The answer must be an exact printing of every record below, with the pictures omitted.
*** MATERIAL FOR THE TASK Section Begins ***
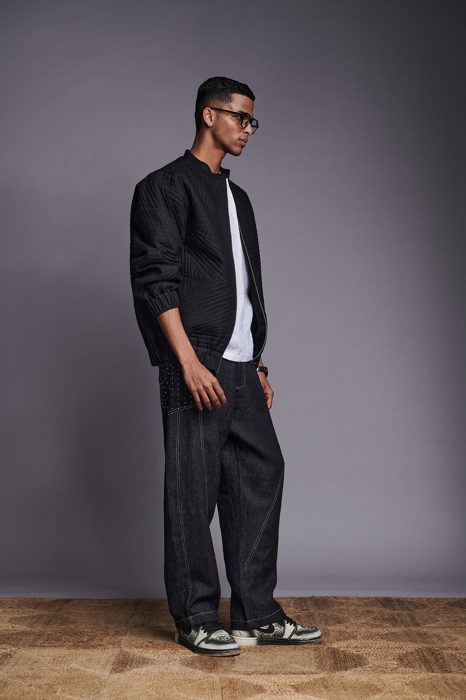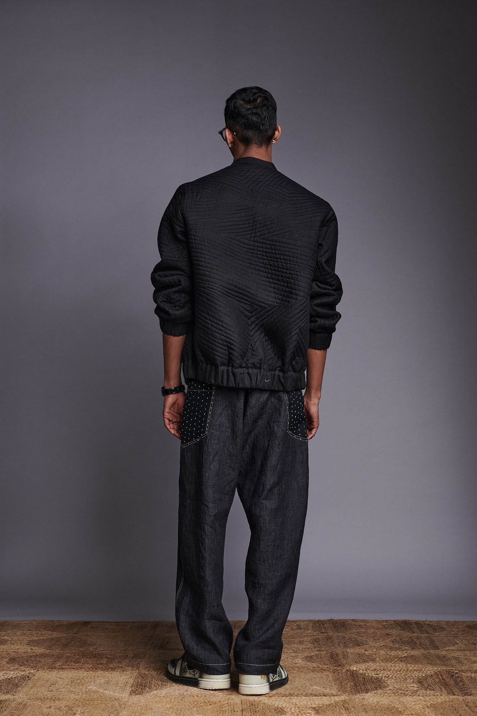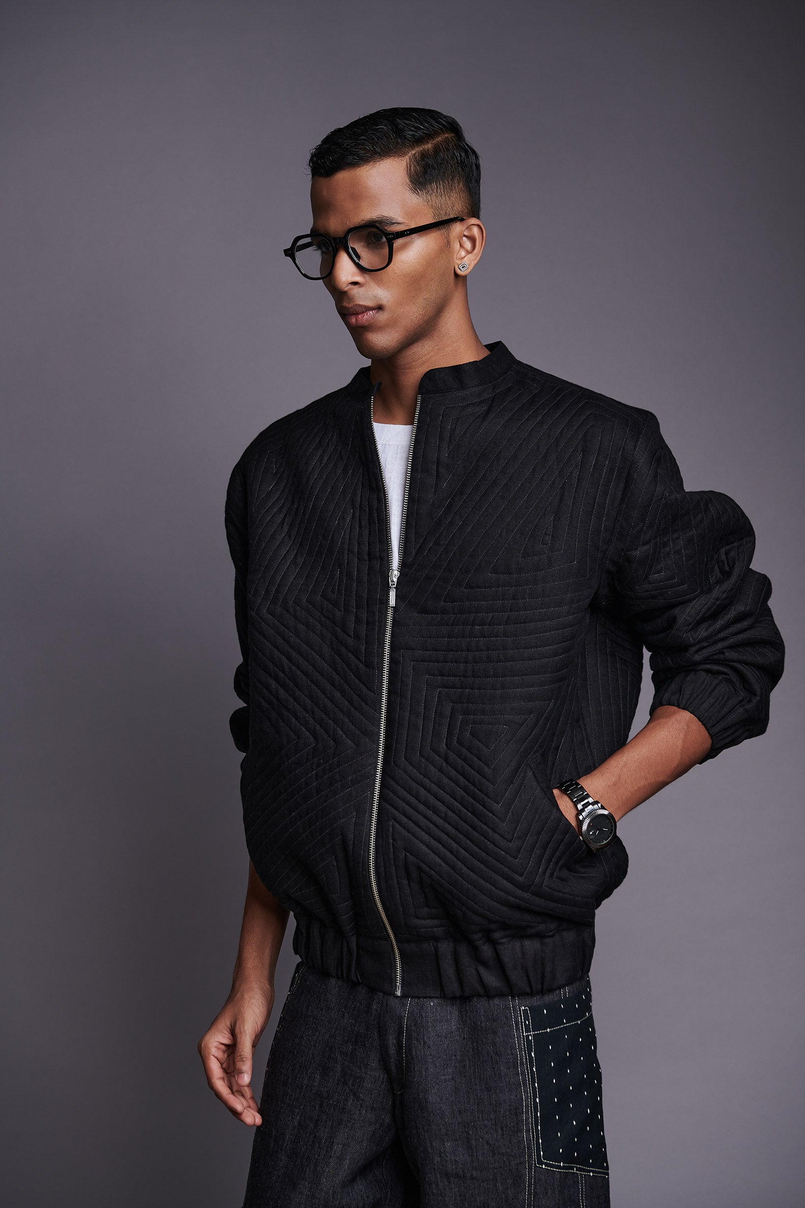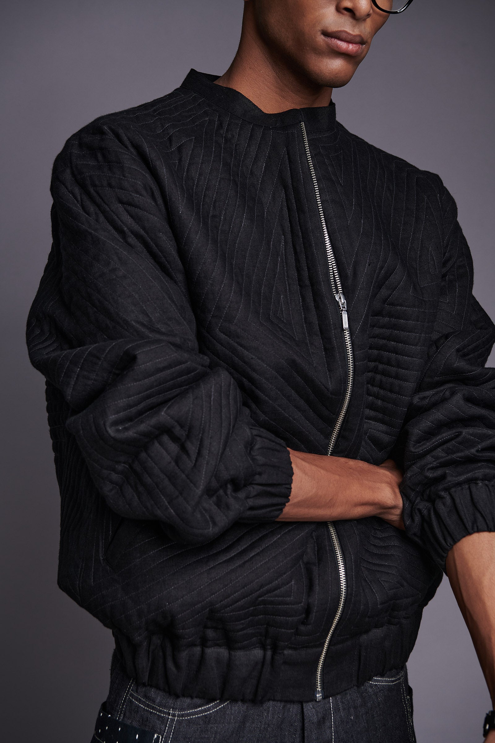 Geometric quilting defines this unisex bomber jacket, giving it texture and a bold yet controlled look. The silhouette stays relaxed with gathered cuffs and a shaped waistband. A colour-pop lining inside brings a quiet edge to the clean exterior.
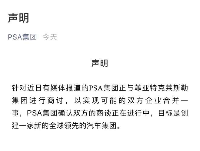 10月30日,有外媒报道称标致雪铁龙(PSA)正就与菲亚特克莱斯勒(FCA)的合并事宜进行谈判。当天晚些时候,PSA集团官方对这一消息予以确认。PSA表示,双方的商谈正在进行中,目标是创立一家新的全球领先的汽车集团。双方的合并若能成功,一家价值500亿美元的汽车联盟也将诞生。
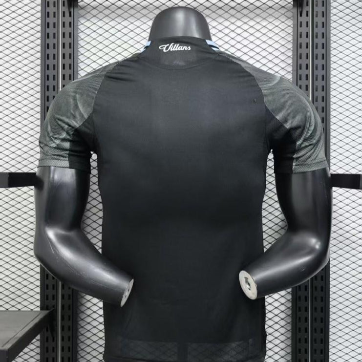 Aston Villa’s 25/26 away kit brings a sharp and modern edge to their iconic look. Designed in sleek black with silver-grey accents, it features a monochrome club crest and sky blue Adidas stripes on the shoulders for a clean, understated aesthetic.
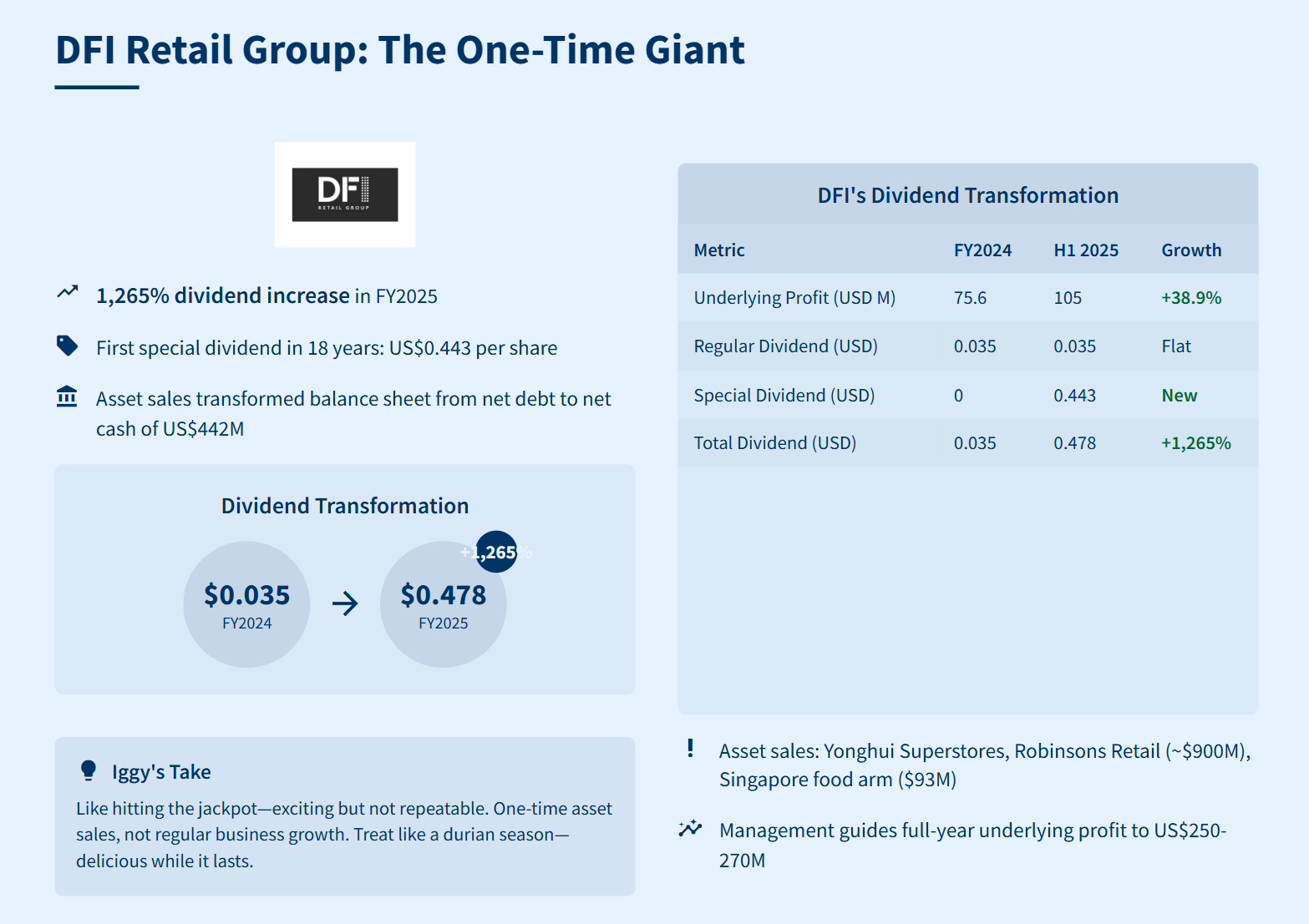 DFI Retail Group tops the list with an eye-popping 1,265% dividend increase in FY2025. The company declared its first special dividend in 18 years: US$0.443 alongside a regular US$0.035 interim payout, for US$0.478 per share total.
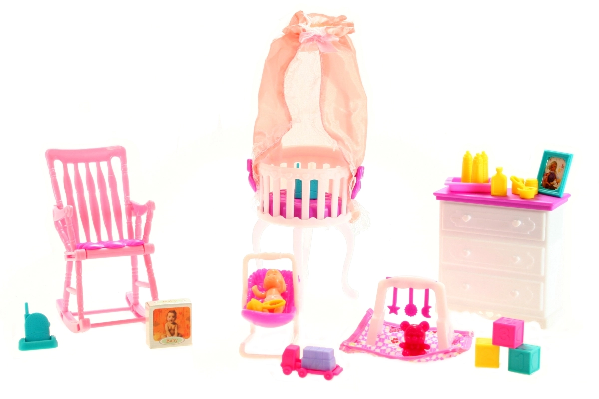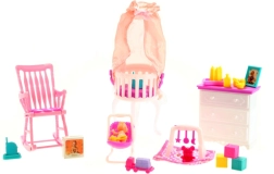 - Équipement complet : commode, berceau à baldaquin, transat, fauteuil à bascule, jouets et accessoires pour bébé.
*** MATERIAL FOR THE TASK Section Ends ***
** REPLY **
 Geometric quilting defines this unisex bomber jacket, giving it texture and a bold yet controlled look. The silhouette stays relaxed with gathered cuffs and a shaped waistband. A colour-pop lining inside brings a quiet edge to the clean exterior.
 10月30日,有外媒报道称标致雪铁龙(PSA)正就与菲亚特克莱斯勒(FCA)的合并事宜进行谈判。当天晚些时候,PSA集团官方对这一消息予以确认。PSA表示,双方的商谈正在进行中,目标是创立一家新的全球领先的汽车集团。双方的合并若能成功,一家价值500亿美元的汽车联盟也将诞生。
 Aston Villa’s 25/26 away kit brings a sharp and modern edge to their iconic look. Designed in sleek black with silver-grey accents, it features a monochrome club crest and sky blue Adidas stripes on the shoulders for a clean, understated aesthetic.
 DFI Retail Group tops the list with an eye-popping 1,265% dividend increase in FY2025. The company declared its first special dividend in 18 years: US$0.443 alongside a regular US$0.035 interim payout, for US$0.478 per share total.
 - Équipement complet : commode, berceau à baldaquin, transat, fauteuil à bascule, jouets et accessoires pour bébé.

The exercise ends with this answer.